■ Activity: Retype only the lines below from the one with "Some Operations u" to the one with "江西新余渝水區(qū)歷史油價(jià)走勢(shì)圖", inclusive, skipping every image.

■ Information shown:

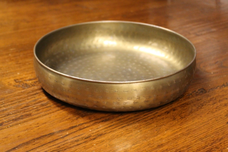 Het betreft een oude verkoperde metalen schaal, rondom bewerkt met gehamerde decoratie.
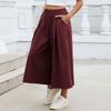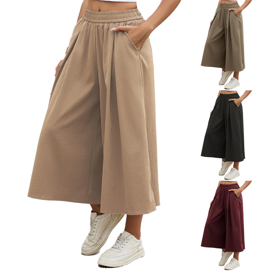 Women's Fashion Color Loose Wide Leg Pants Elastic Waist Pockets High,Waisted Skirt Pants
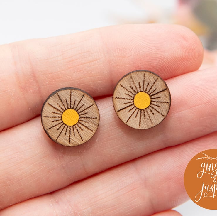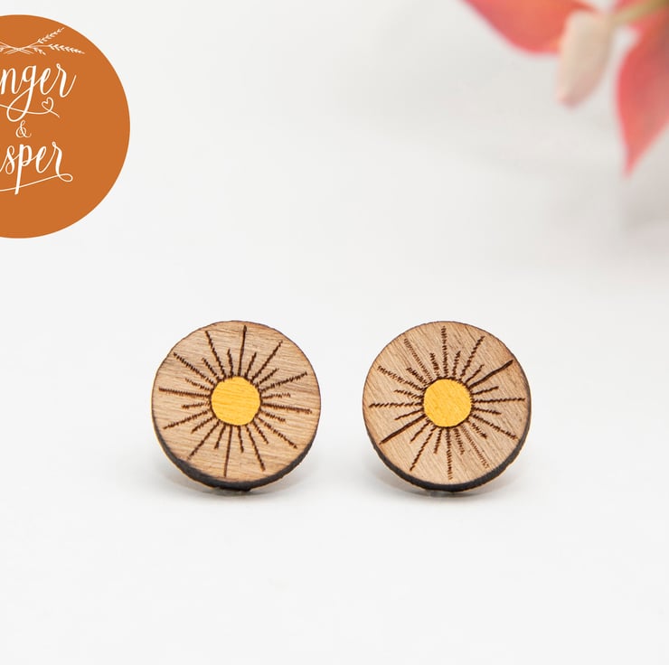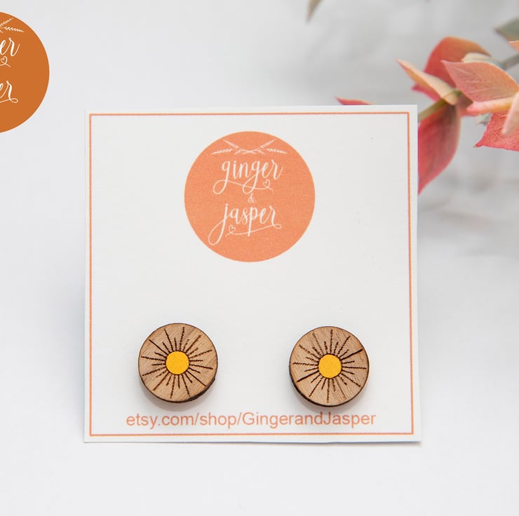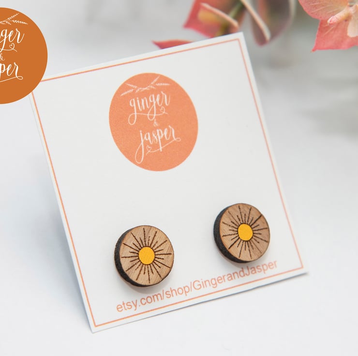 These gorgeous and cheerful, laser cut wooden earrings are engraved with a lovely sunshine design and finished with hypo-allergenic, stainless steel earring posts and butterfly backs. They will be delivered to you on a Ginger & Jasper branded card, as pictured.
--
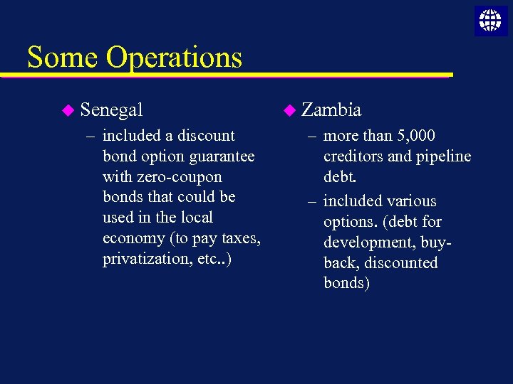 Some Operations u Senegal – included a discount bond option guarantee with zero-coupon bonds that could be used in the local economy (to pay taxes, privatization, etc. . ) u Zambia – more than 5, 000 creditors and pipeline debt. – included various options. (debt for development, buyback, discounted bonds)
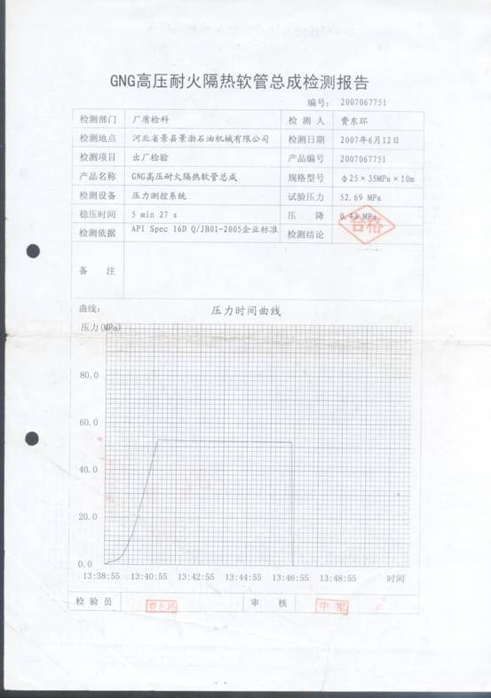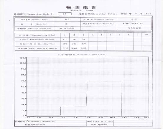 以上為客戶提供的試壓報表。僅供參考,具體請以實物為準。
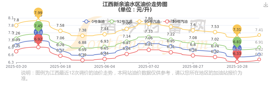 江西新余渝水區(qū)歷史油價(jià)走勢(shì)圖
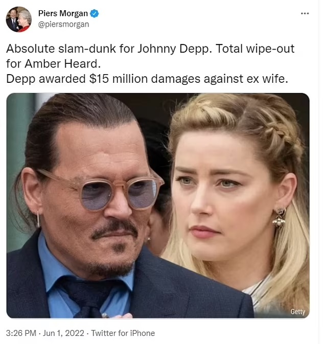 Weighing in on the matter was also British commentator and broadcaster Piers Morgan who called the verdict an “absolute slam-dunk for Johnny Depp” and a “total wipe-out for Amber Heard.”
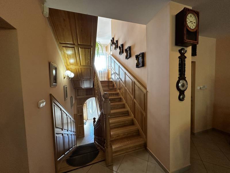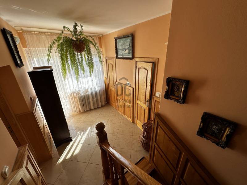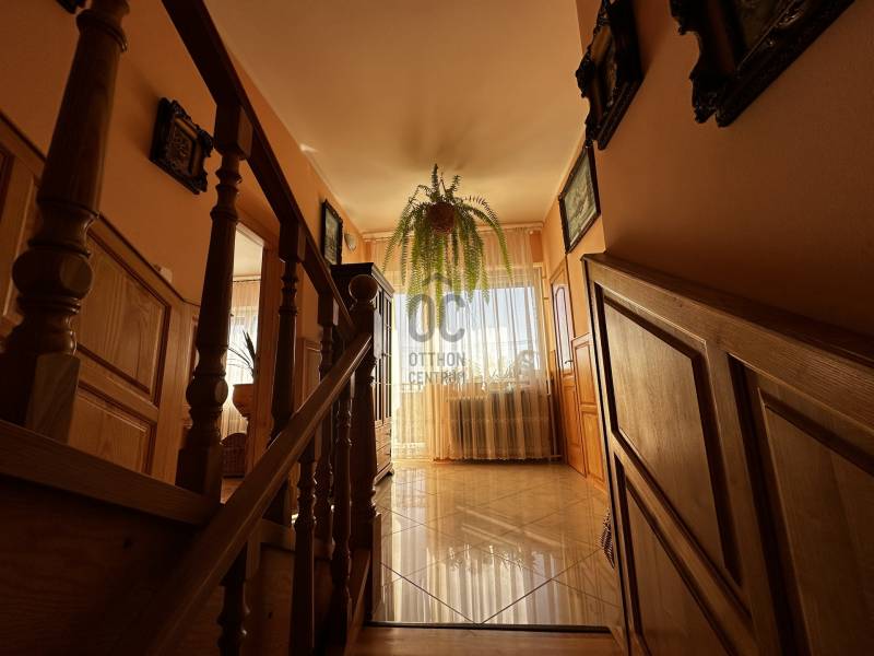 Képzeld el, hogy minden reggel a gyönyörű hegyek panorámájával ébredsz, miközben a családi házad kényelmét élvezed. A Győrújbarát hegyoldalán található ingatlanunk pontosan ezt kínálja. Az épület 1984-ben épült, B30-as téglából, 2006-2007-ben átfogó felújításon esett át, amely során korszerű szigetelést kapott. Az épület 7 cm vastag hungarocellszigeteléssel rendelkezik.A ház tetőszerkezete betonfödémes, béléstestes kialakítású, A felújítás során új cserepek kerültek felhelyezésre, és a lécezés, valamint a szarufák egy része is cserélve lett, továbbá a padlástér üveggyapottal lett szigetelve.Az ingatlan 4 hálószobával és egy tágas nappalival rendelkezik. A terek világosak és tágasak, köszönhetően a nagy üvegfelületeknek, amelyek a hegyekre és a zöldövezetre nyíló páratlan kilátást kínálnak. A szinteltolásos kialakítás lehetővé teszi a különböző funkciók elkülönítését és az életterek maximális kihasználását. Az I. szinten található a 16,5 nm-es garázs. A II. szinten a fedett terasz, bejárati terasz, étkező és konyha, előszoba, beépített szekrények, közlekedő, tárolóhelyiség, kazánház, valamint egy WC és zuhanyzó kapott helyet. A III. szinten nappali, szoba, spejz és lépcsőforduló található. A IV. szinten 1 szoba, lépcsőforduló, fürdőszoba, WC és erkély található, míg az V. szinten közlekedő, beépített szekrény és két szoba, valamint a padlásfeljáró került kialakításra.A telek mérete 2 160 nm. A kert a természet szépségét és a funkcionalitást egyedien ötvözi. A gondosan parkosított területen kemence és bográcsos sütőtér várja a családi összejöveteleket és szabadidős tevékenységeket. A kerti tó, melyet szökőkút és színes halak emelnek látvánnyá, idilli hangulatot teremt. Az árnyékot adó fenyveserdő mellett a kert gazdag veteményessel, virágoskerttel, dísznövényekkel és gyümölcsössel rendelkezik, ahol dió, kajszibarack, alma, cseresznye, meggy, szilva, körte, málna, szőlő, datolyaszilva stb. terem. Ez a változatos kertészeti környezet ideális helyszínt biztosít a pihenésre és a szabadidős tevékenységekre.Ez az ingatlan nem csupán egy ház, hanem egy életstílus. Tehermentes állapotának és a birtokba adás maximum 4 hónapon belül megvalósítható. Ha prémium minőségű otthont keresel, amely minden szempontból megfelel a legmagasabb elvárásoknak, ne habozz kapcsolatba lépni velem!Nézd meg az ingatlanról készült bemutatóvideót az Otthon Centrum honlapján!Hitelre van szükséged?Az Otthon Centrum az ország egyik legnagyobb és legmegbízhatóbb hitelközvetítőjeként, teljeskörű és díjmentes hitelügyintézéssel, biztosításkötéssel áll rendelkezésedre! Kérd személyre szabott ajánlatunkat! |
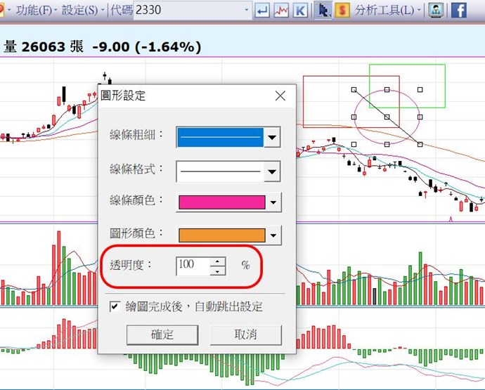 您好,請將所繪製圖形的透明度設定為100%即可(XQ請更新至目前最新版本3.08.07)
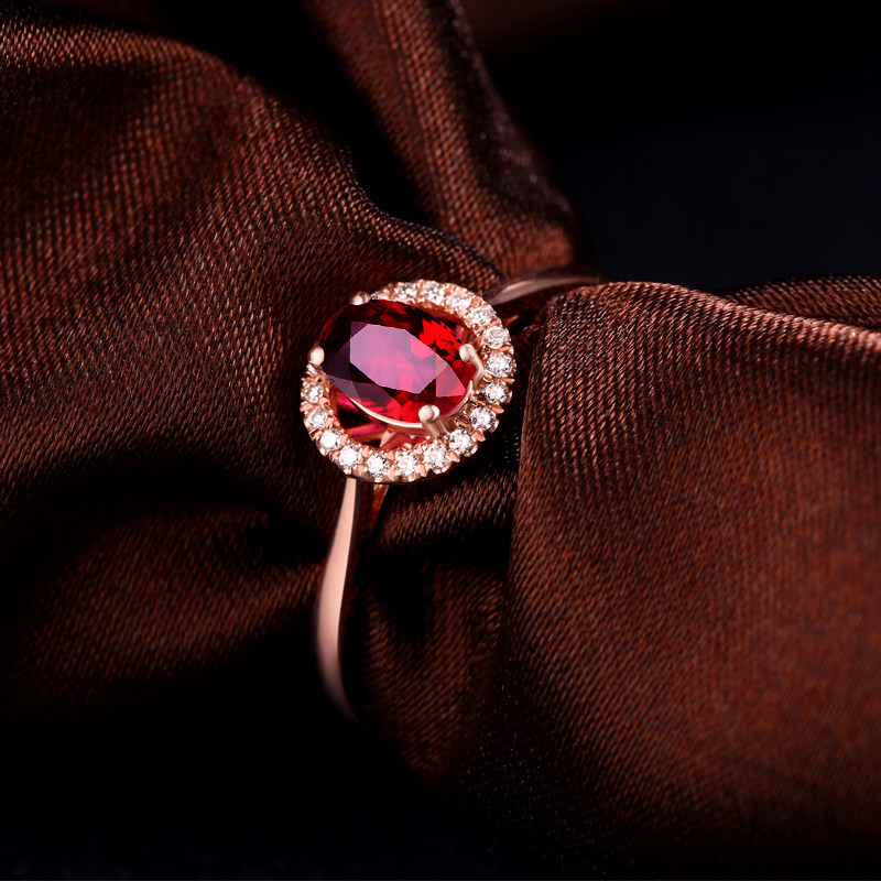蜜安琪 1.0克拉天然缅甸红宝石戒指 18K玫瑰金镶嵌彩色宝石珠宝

■ Response to this exercise:
 Some Operations u Senegal – included a discount bond option guarantee with zero-coupon bonds that could be used in the local economy (to pay taxes, privatization, etc. . ) u Zambia – more than 5, 000 creditors and pipeline debt. – included various options. (debt for development, buyback, discounted bonds)
 以上為客戶提供的試壓報表。僅供參考,具體請以實物為準。
 江西新余渝水區(qū)歷史油價(jià)走勢(shì)圖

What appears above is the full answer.